Supplied data —
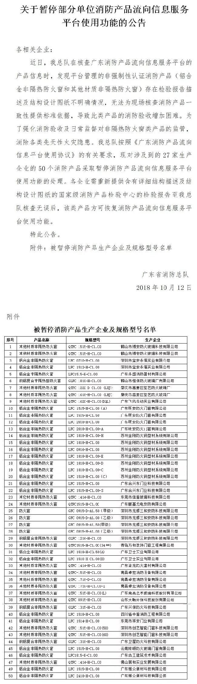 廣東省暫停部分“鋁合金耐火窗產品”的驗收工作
...
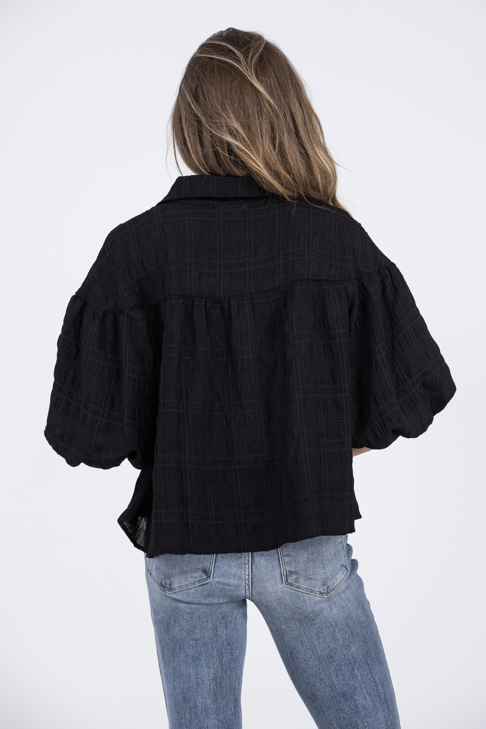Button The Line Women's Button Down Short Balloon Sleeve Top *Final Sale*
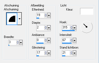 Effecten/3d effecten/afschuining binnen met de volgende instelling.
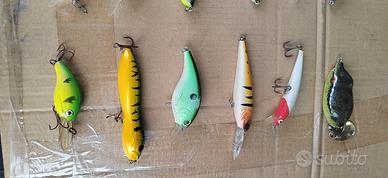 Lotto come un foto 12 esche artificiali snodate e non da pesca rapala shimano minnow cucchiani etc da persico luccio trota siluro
==
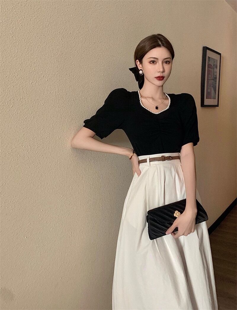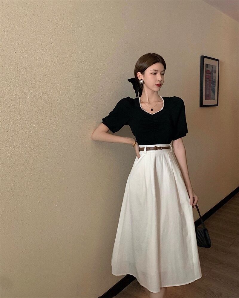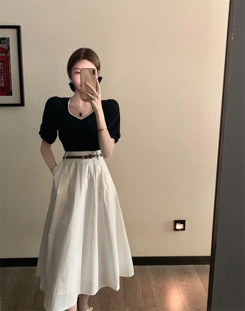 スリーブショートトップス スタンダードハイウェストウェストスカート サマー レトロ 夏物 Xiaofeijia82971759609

Requirement — Give back exactly, and solely, the section of the data above bounded by the line containing "Button The Line" and the line containing "Lotto come un", both bounding lines included and pictures omitted.

Response to this task —
Button The Line Women's Button Down Short Balloon Sleeve Top *Final Sale*
 Effecten/3d effecten/afschuining binnen met de volgende instelling.
 Lotto come un foto 12 esche artificiali snodate e non da pesca rapala shimano minnow cucchiani etc da persico luccio trota siluro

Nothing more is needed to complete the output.